**RECORDED DATA:**
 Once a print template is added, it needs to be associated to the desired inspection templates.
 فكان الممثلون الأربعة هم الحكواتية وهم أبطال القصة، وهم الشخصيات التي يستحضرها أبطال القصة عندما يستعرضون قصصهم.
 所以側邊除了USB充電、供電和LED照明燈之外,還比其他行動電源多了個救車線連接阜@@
--
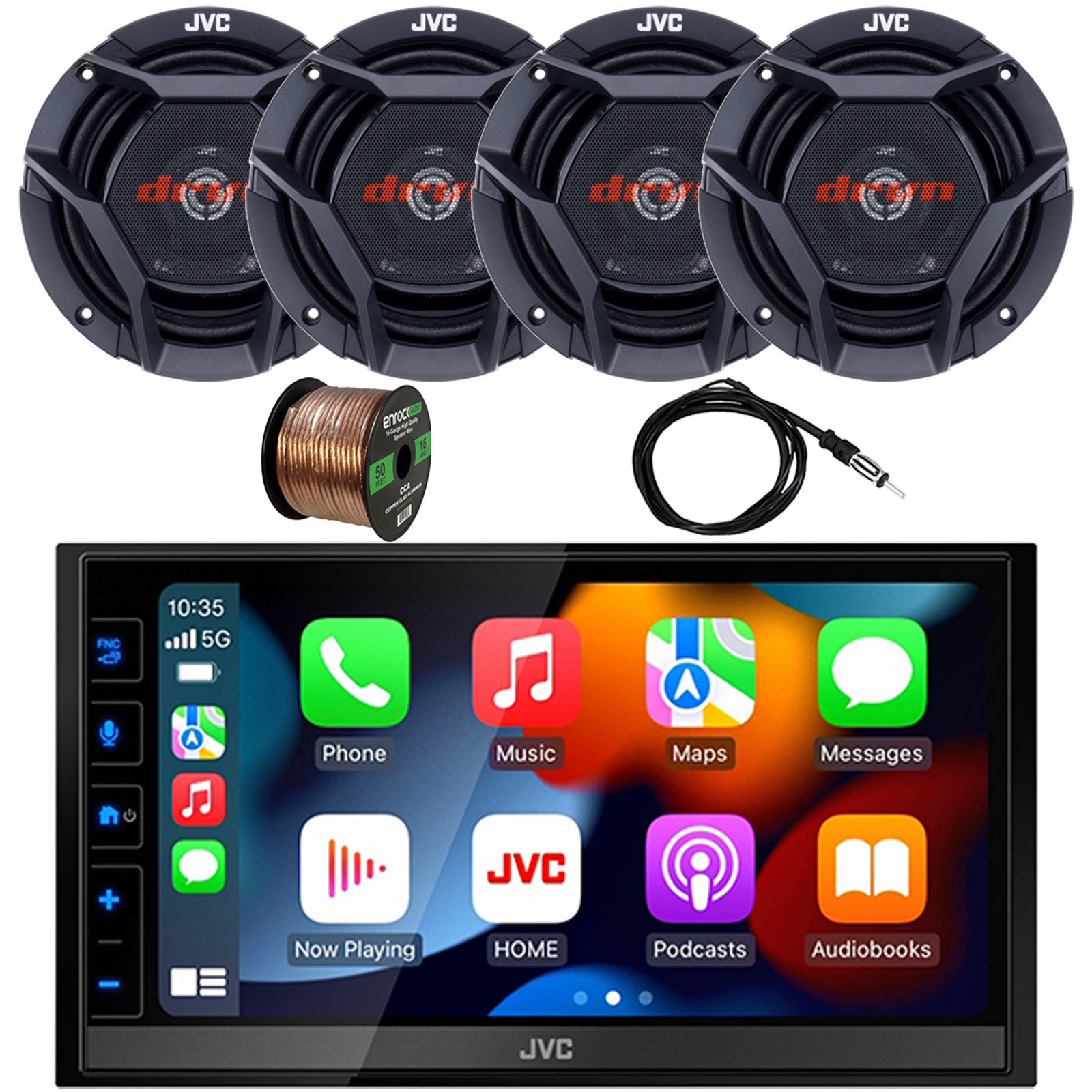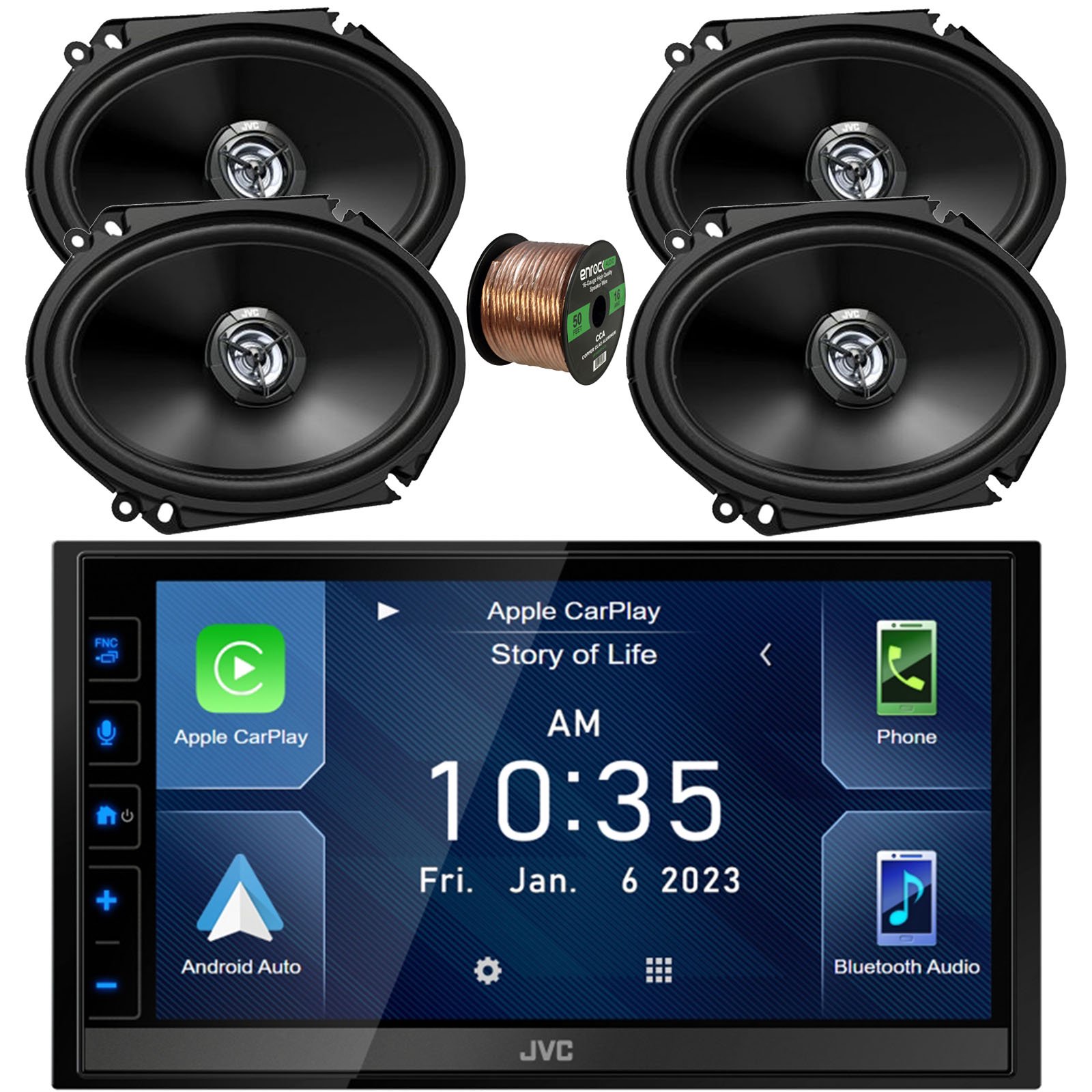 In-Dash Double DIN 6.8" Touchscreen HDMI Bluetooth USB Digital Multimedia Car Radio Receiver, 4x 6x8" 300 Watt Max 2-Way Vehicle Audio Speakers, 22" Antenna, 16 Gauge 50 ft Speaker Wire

**EXERCISE BRIEF:** All that should be written out is the stretch of lines above between the one holding "فكان الممثلون الأربعة" and the one holding "所以側邊除了USB充電、供電", inclusive, exactly as given.

**OUTPUT OF THE EXERCISE:**
 فكان الممثلون الأربعة هم الحكواتية وهم أبطال القصة، وهم الشخصيات التي يستحضرها أبطال القصة عندما يستعرضون قصصهم.
 所以側邊除了USB充電、供電和LED照明燈之外,還比其他行動電源多了個救車線連接阜@@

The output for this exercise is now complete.